Ее глаза под крутыми дугами бровей были глазами Гильберты. Анна равнодушно глотала обжигающий кофе, точно ей было все равно, горячий он или холодный, и, будь у нее в чашке кислота или уксус, она и этого, наверное, не заметила бы.
— Ты ведь умеешь варить всякие зелья. Приготовь что-нибудь для меня — я боюсь врачей…
— Дочь рано или поздно все равно уйдет от тебя.
— Уйдет, — бесстрастно, как автомат, повторила Анна. — Но тогда изменницей будет она.
— Ты просто ненормальная, — в голосе сестры послышалось раздражение. — Говоришь так, будто вы не дочь с матерью, а любовники.
Анна с каким-то ожесточением кивнула головой.
— Да, нас связала одна пуповина, и связала навек. Стоило мне порезать палец, у Гильберты текла кровь, а когда она плакала, у меня сердце разрывалось на части…

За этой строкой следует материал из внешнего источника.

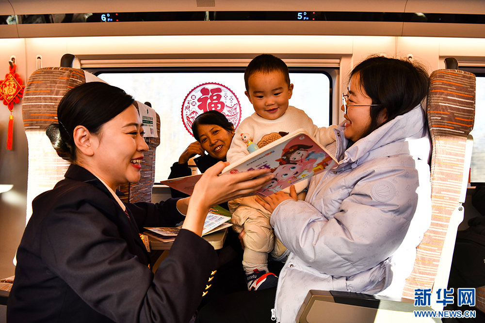 图为中国铁路沈阳局集团有限公司沈阳客运段担当乘务的沈阳北至北京朝阳G1222次动车组职工热情服务旅客。新华网发 陈明摄pagebreak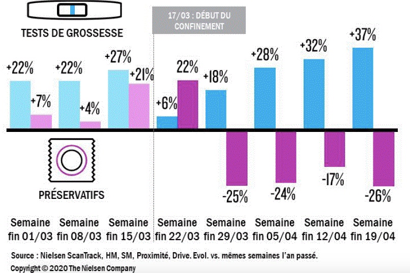 En parallèle, les ventes de tests de grossesse dans les supermarchés se sont envolées de +6 % du 15 au 22 mars, par rapport à la même période l'année dernière ; +18 % la semaine suivante ; +28 % la troisième semaine du confinement, +32% la quatrième semaine et +37 % la cinquième (du 13 au 19 avril), selon la société internationale de mesure & analyse des données Nielsen Groupe.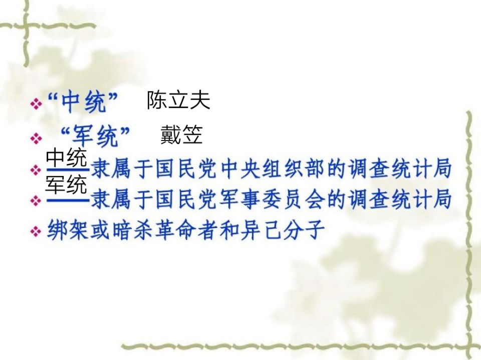 然而,蒋介石认为:党务调查科处理的是党内异己人士,这还远远不够,他还需要一个行事更为机密狠毒的情报、特务机构来处理党外异己人士。这就是军统登场的原因。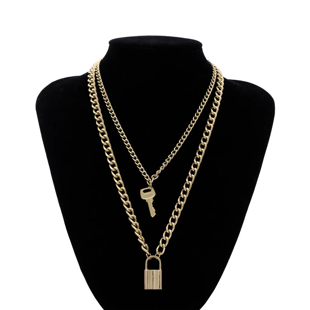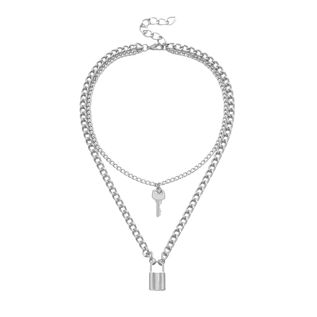 Ожерелье с подвеской висячий замок женское, модное многослойное ожерелье с подвеской замок на шею в стиле панк, бижутерия, цепи для женщин, 2020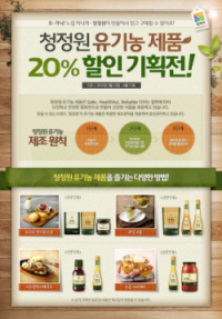 이번 기획전을 통해 설탕, 식초, 소스, 잼, 차 등 청정원의 다양한 유기농 제품을 모두 20% 할인된 가격에 판매한다. 청정원 유기농 제품은 전 제품에 농약과 화학비료를 일절 배제한 100% 유기농 원료만을 사용한다. 원료에 대한 까다로운 인증절차는 물론 엄격한 제조공정과 완제품 품질검사를 통해 소비자들이 신뢰할 수 있는 유기농 제품을 선보이고 있다. |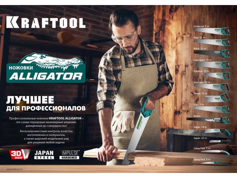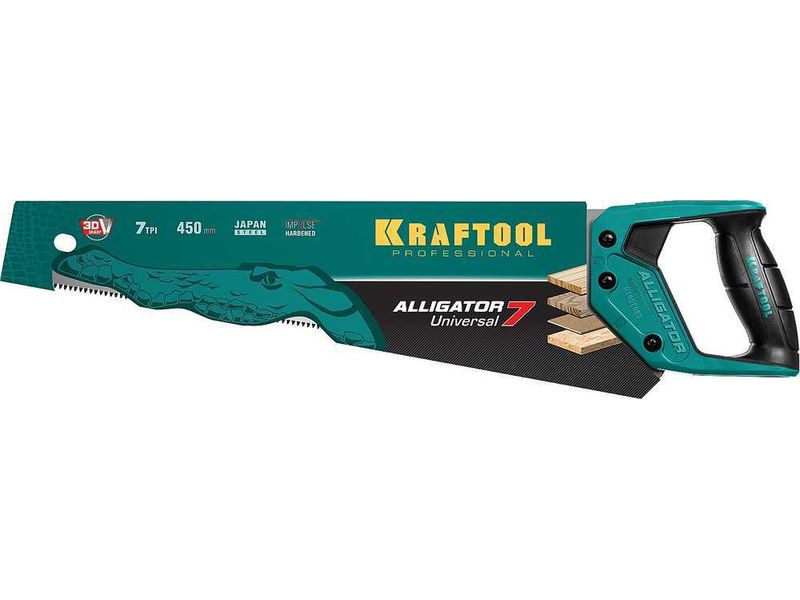 Ножовка универсальная "Alligator 7", 450 мм, 7 TPI 3D зуб, KRAFTOOL

Сестра убирала со стола чашки — к своей она так и не прикоснулась — и ворчала себе под нос: куда он только задевался, этот проклятый горшок с медом?.. Ну ладно, она поищет нужные травы…
Дождь все опутывал и опутывал лес своими серебряными нитями. Гильберта стояла в кустах у поляны, почти незаметная со стороны. Ее серо-зеленая накидка сливалась с зеленью листвы, а слезы, ползущие по щекам, мешались с дождевыми каплями.
У печи возился Симон, что-то громко бормоча, — может, он переговаривался с кем-нибудь? Гильберта слышала, как кукует кукушка, как разговаривает сам с собой Симон — он раскладывал на противне травы для просушки и называл каждую из них:
— Вот душица и анис звездолистный, вот авран и дрок красильный, вот дымянка, и майоран, и дубровник, и белена, и лапчатка лесная, а вот красавка с черными глазками, именуемая также белладонна…
При последних словах Гильберте почудилось хихиканье. Ну конечно, уж они-то наперечет знали все травы лесные и обрадовались, когда услышали название ядовитой. Но почему?
А Симон продолжал:
— О, женщины, женщины, что за чудной народ! Все бы им, как наседкам, высиживать потомство! Как будто земля и так уже не лопается от плодородия… А кто будет мазать нам булочки медом, если все начнут пеленать детей, кто будет целовать нас при луне? Сколько раз я видел, как селезни носятся над водой, точно бешеные, и сгоняют уток с гнезд, чтобы те не успели сесть на яйца…
Потом он опять затянул свою песню и скрылся в лесу.
Горшок с медом был пуст, но они не догадывались прийти и сказать ей спасибо. Они ведь такие непонятливые, да к тому же у них, наверное, разболелись животы. Ах, как охотно повозилась бы Гильберта у печки, с каким удовольствием погрела бы воду и постирала, как прошлый раз! Но все это было пять лет назад, и боль в груди не проходила. И ничто не могло уменьшить ее, даже трава с красивым названием — белладонна.
…Вот что написано в книге: они совсем еще неразумные, эти гномики. Хоть они и умеют нежно и сладко петь, затевать разные игры и проводить время в забавах, все они до того, как стали духами, были младенцами, умершими либо во чреве матери, либо после рождения — еще до крещения, не познав, в чем удел человека на этой земле. И относиться к ним следует лучше, чем ко всем прочим духам, потому что они любят домашний очаг, дружелюбны и ласковы и не приносят зла, несмотря на склонность к разного рода шуткам, шалостям и проказам, чем иной раз и досаждают людям. Кроме того, нельзя ведь забывать, что каждому из них когда-то предстояло стать человеком…
Гильберта мчалась изо всех сил, не разбирая дороги. Вокруг трещали кусты, из травы и зарослей со свистом выпархивали птицы. Хватая ртом воздух, она остановилась у навеса, под которым стояла тетя.